In 2022, Constituencies in Ehime Prefecture was reduced from four to three due to the change in the division of the House of Representatives. Accordingly, Ihara would run for Newly Ehime 2nd and former Ehime 2nd Incumbent Seiichiro Murakami would ran in the Shikoku PR block.

In the 2024 LDP presidential election, Ihara voted for Shigeru Ishiba in both first votes and run-off votes.

On October 6 2024, PM Ishiba decided not to nominate members who were suspended from their membership in the general election, and announced that 43 lawmakers, including Ihara, would not be allowed to run for proportional representation block because of the involvement in the slush fund scandal.

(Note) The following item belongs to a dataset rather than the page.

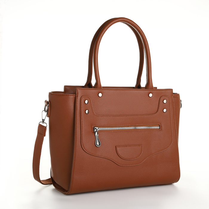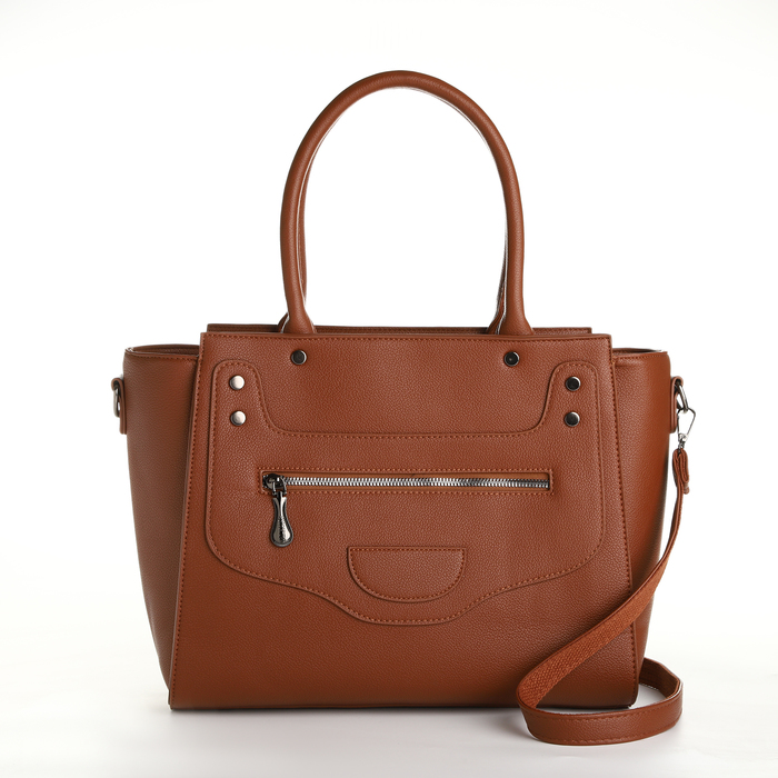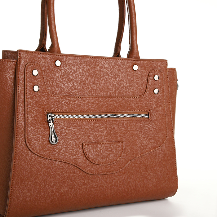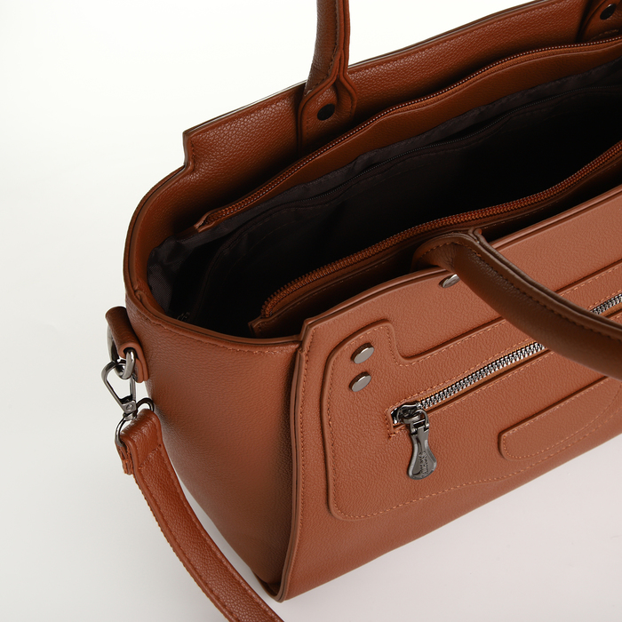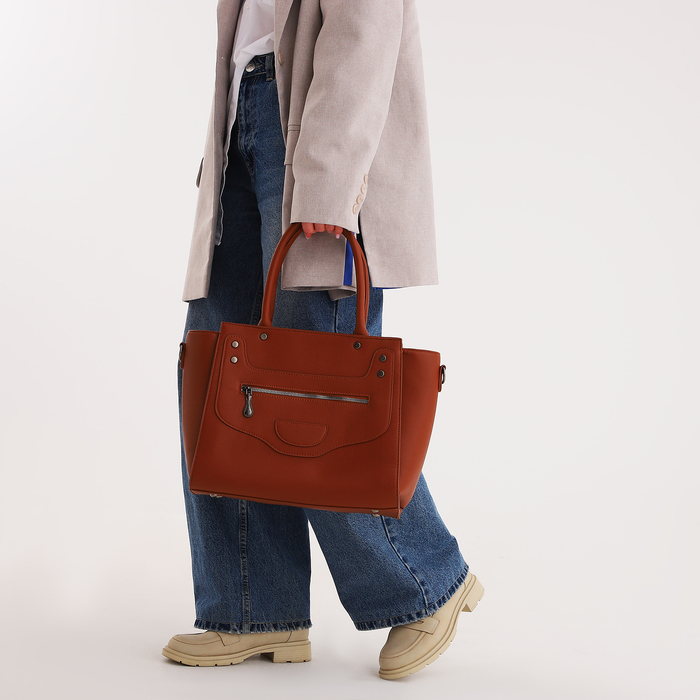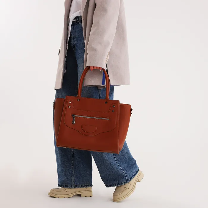 Сумка женская тоут на молнии, 32×14×25 см, однотонная, рыжая — Характеристики

In response to Ishiba's decision, Ihara accepted the decision, saying, "LDP and my faction have lost political trust, so if the party apologizes for it and wants to start anew, I have no choice but to take it seriously and do my best." However, Ihara added "I explained it at a press conference, explained it in the party's investigation, and there was no punishment related to the Party Ethics Committee."

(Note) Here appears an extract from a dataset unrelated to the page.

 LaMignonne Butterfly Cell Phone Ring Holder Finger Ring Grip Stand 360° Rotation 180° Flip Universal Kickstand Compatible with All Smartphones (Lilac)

In the 2024 general election, he ran for Ehime 2nd and lost to Shiraishi (CDP).

In the 2026 general election, he ran from Ehime 2nd and won the CRA's Shiraishi to regain his seat.

== Scandal ==
On 13 February 2024, LDP released the results of a survey of all Diet members belonging to the LDP over the slush fund scandal held by five LDP factions. It was revealed that Ihara used a total of 1.68 million yen as slush funds for five years from 2018 to 2022 as a kickback from the Seiwa Seisaku Kenkyūkai (Abe faction) for quota excess.

On 14 May 2024, the House of Representatives Political Ethics Committee unanimously passed the opposition's petition to attend and explain 44 LDP members who were involved in the slush fund scandal but did not explain themselves to the committee.

On 17 May 2024, the House of Councillors Political Ethics Committee unanimously passed a petition for attendance and explanation to 29 members who had not made excuses. All 73 Diet members, including Ihara, refused to attend, and the ordinary Diet session was closed on 23 June 2024.